The version on this release was sourced using the same John Wood created 96/24 master used for the 2013 box set. Wood said at the time that the tape wasn't in good enough shape to be used as a cutting master.
(ring wear part of the curiously chosen cover artwork)
In 1986 Joe Boyd's Hannibal Records reissued this box set containing the 3 Drake albums plus Time of No Reply containing 10 then previously unreleased tracks. It was mixed from multitracks by Jerry Boys known to many readers for engineering The Buena Vista Social Club (etc.). There are no mastering or source credits though some say it was cut from tapes but who knows and who knows if the cutting system had a preview head or a low bit rate DDL? Pressed at Europadisc it sounds "clean" but not nuanced and kind of loud. Discogs high sale price is $411.76.
This multi-LP set released by a fellow names Scott Appel supposedly includes tapes given to him by Nick Drake's parents and features material not mentioned in the box set reviewed here and so I'm not going to get into it.
I spoke to John Wood when the 2013 box sets of the 3 Drake albums was released and asked for an interview but he said "no" that he was not at all an interesting person to interview. I couldn't convince him otherwise. I interviewed Joe Boyd years ago and thought it was up here on Tracking Angle but I can't find it. I'll upload it ASAP and link it here.
Molly Drake
Shortly after posting this review (which I somehow felt compelled to write yesterday), a friend sent a link to a profile of Molly Drake that had just been publish on The New York Times's website. Today it was in the print edition. Strange forces at work!
The Five Leaves Left Reissue Sound
If you have the aforementioned box you're all set—at least for a copy of Five Leaves Left. That mastering and pressing is somewhat better than this one done at GZ Media, though it's close enough to not make that much of a difference. I forget what I wrote about the 2013 box versus my EMI pressed copy that I probably mistakenly called "original" or close to. Obviously it's not but at the time I didn't know that.
This one and the 2013 reissue, despite being digitally sources, both sound better than the EMI from 1976 that sounds timbrally honest, but somewhat more dynamically compressed. I'd love an O.G. but can't afford one. They were selling for $500 when I visited the Utrecht Record Fair some years ago. As Chad Kassem famously says "Buy now or regret later".

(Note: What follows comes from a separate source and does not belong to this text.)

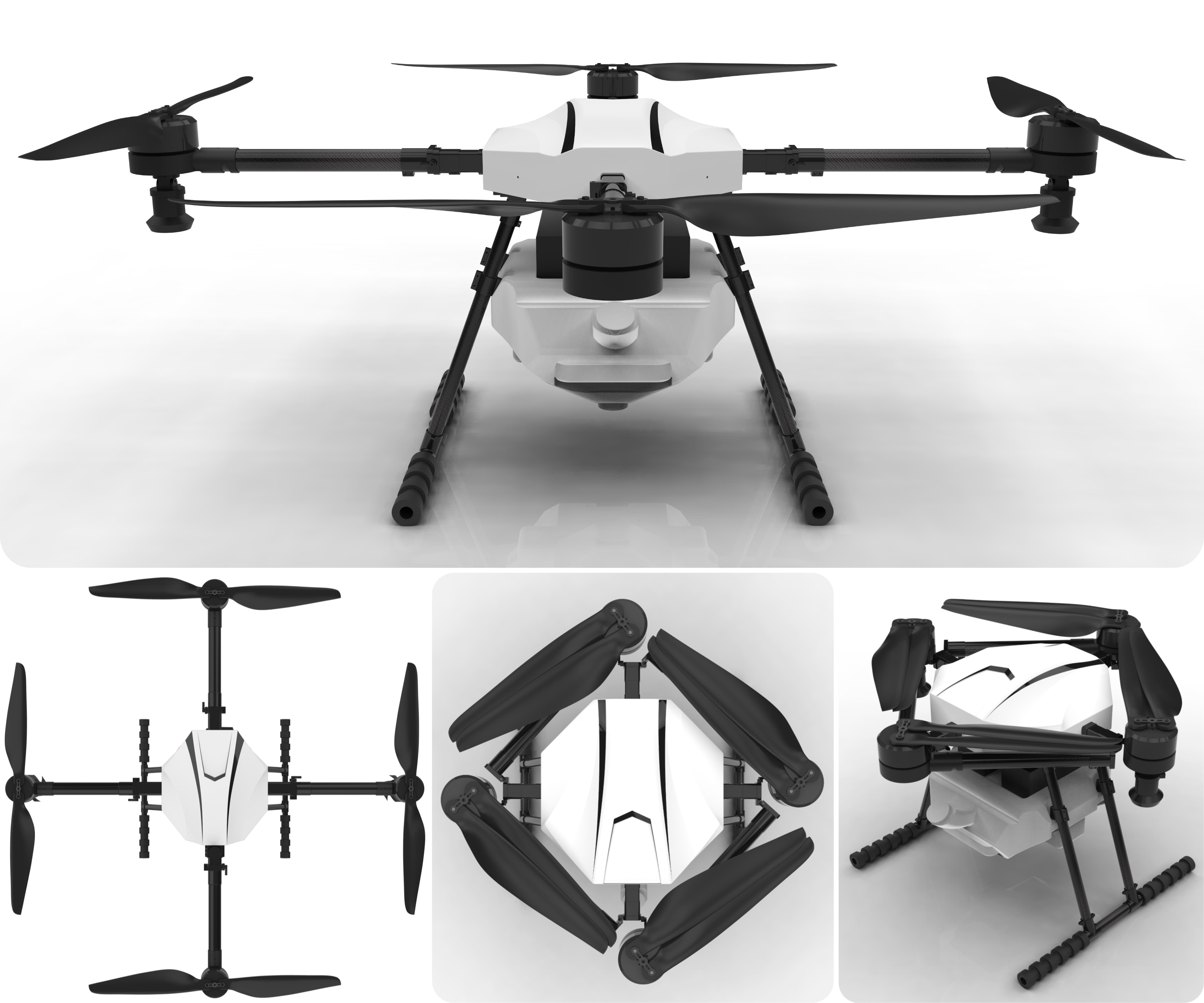 1、機(jī)架:機(jī)身采用四旋翼X型碳纖維結(jié)構(gòu),對角軸距1000mm,機(jī)身尺寸800mm*800mm*600mm,機(jī)臂采用可折疊設(shè)計,上下板采用碳纖維設(shè)計;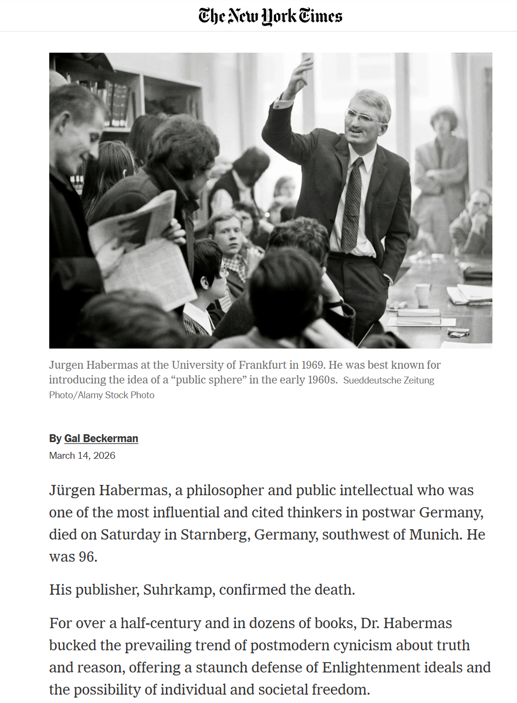 Jürgen Habermas——这位哲学家、公共知识分子,也是战后德国最具影响力、被引用最多的思想家之一,于周六在位于Starnberg施塔恩贝格(Munich西南部)的家中去世,享年96岁。📚

If you are all familiar with the great recordings Wood created at Sound Techniques (Fairport, Richard Thompson, John Renbourn, etc.) that's what these Nick Drakes sound like. Wood is an engineering genius who gets the room to act in magical ways rather than trying to remove it from the proceedings.
That EMI sells for $150 on Discogs. This box sells for a very reasonable $89.00.
Finally, back to Fruit Tree: the annotation by Arthur Lebow is brutal and I hope brutally honest (I can't imagine Joe Boyd would have allowed it into the set were it not all true and accurate).
It delves into Drake's final years, his growing depression, his seeming recovery and then his passing on November 25th, 1974 from a Tryptizol overdose—a sleeping pill. It will never be known if it was accidental or suicide. His mother found him. Could it be any worse? One of the Brandenburg Concertos was on his turntable.
According to Discogs there are 11 copies of Fruit Tree for sale starting at $189.99. A copy of Fruit Tree sold today, August 17, 2025. Such a beautiful person. He didn't like to be touched but his music touches everyone.